▶ COLLECTED DATA:
--- START ---

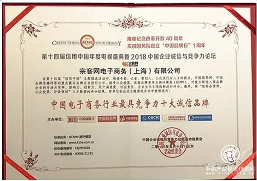 此次论坛,宗客网凭借近年来诚信创新的经营发展理念与日渐提升的企业影响力受邀出席。并在本次高峰论坛成果发布盛典上,荣获“中国电子商务行业最具竞争力十大诚信品牌”!
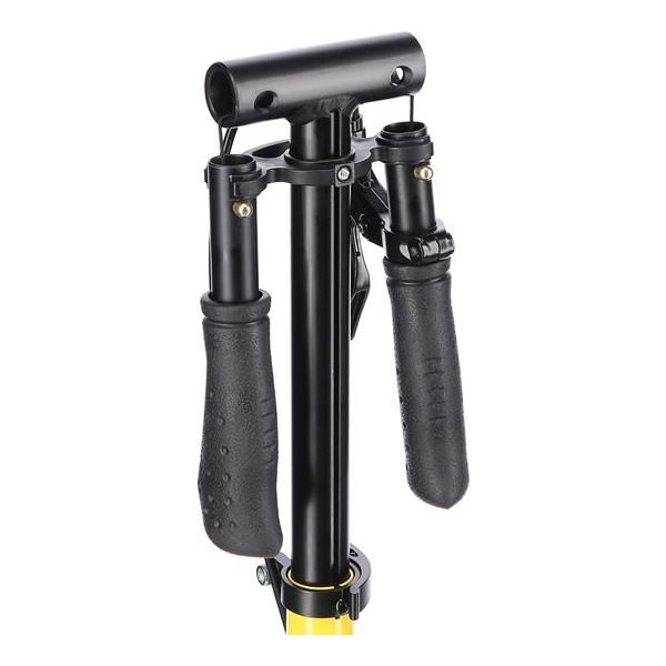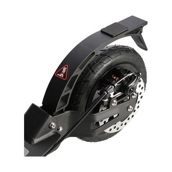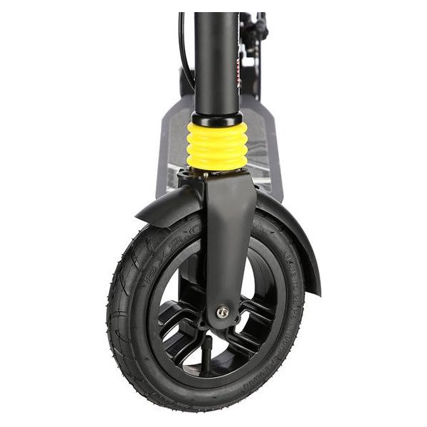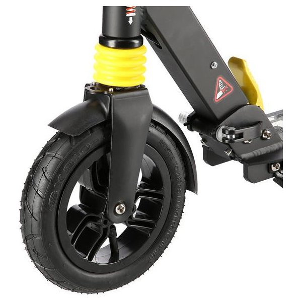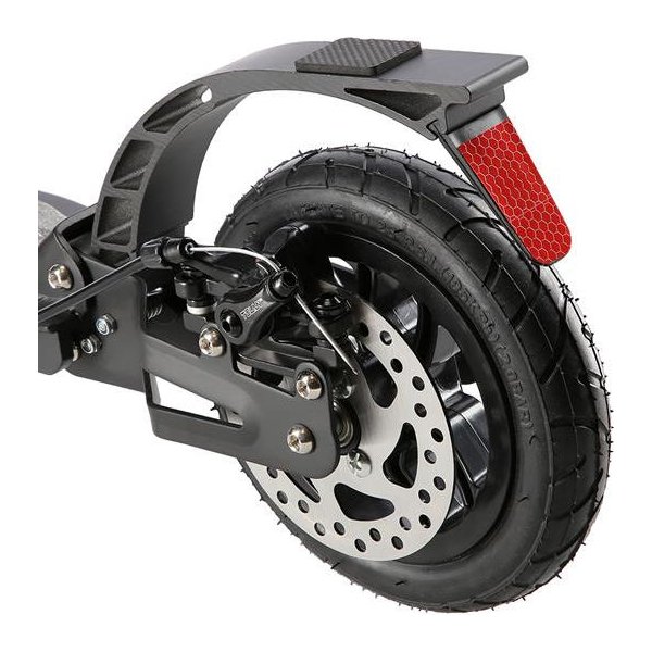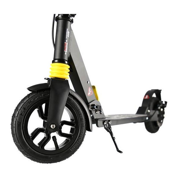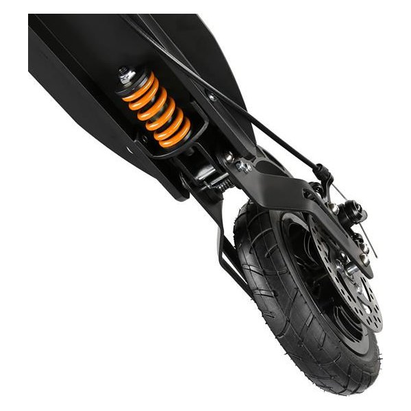 Dużym atutem hulajnogi są dwa sprawnie działające amortyzatory - przedni pionowy oraz tylny poziomy. Gwarantują one wygodną jazdę nawet po wertepach, pochłaniając wstrząsy i ograniczając drgania. Hulajnoga posiada pompowane koła, błotniki i wysokiej klasy, bardzo płynnie działające łożyska ABEC9, które również zwiększają bezpieczeństwo i komfort jazdy na nierównym podłożu. Dla miłośników dużych prędkości ważną sprawą jest sprawne hamowanie. W tym przypadku masz do dyspozycji nie tylko hamulec nożny, ale także hamulec tarczowy, bardzo skuteczny, szczególnie na mokrym podłożu. Wygodna do trzymania kierownica posiada gumowe chwyty, które nie powodują otarć i mają właściwości antypoślizgowe.
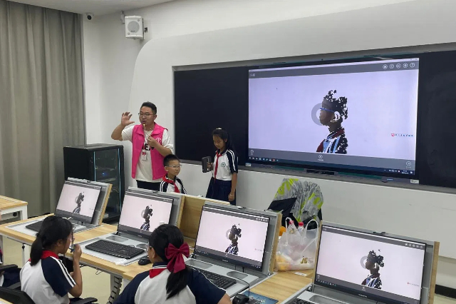 产教融合型科普实践平台由现代产业学院和技术创新平台构成。在大疆无人机产业学院,孩子们参观了在电子工程系教师司翠平和郑明明的指导下化身无人机飞手,亲自操控无人机在模拟飞行实验室中自由飞行。在3D打印(增材制造)实验室,机械工程系徐磊老师指导孩子们运用3D打印技术制作铁齿钢牙,让孩子们充分体会了“工学结合”的魅力。
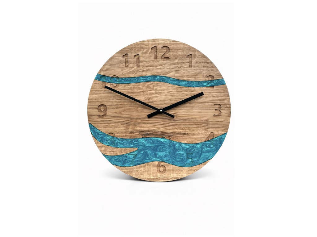 Naše hodiny jsou vyráběny s ohledem na kvalitu a pečlivost. Tyto hodiny na obrázku jsou zhotovené z Dubového dřeva, které má unikátní kresbu. Hlavní dominantou těchto hodin je pryskyřicová řeka, která je vylita uměleckým způsobem a může být laděna do jakékoliv barvy podle vašeho přání. Každé dřevo je pečlivě opracováno a natřeno zdravý nezávadným olejem od značky OSMO, který je vhodný i pro styk s potravinami.

--- END ---

All of the listing should be transcribed exactly, but none of its images.

▶ RESPONSE FOR THIS EXERCISE:
 此次论坛,宗客网凭借近年来诚信创新的经营发展理念与日渐提升的企业影响力受邀出席。并在本次高峰论坛成果发布盛典上,荣获“中国电子商务行业最具竞争力十大诚信品牌”!
 Dużym atutem hulajnogi są dwa sprawnie działające amortyzatory - przedni pionowy oraz tylny poziomy. Gwarantują one wygodną jazdę nawet po wertepach, pochłaniając wstrząsy i ograniczając drgania. Hulajnoga posiada pompowane koła, błotniki i wysokiej klasy, bardzo płynnie działające łożyska ABEC9, które również zwiększają bezpieczeństwo i komfort jazdy na nierównym podłożu. Dla miłośników dużych prędkości ważną sprawą jest sprawne hamowanie. W tym przypadku masz do dyspozycji nie tylko hamulec nożny, ale także hamulec tarczowy, bardzo skuteczny, szczególnie na mokrym podłożu. Wygodna do trzymania kierownica posiada gumowe chwyty, które nie powodują otarć i mają właściwości antypoślizgowe.
 产教融合型科普实践平台由现代产业学院和技术创新平台构成。在大疆无人机产业学院,孩子们参观了在电子工程系教师司翠平和郑明明的指导下化身无人机飞手,亲自操控无人机在模拟飞行实验室中自由飞行。在3D打印(增材制造)实验室,机械工程系徐磊老师指导孩子们运用3D打印技术制作铁齿钢牙,让孩子们充分体会了“工学结合”的魅力。
 Naše hodiny jsou vyráběny s ohledem na kvalitu a pečlivost. Tyto hodiny na obrázku jsou zhotovené z Dubového dřeva, které má unikátní kresbu. Hlavní dominantou těchto hodin je pryskyřicová řeka, která je vylita uměleckým způsobem a může být laděna do jakékoliv barvy podle vašeho přání. Každé dřevo je pečlivě opracováno a natřeno zdravý nezávadným olejem od značky OSMO, který je vhodný i pro styk s potravinami.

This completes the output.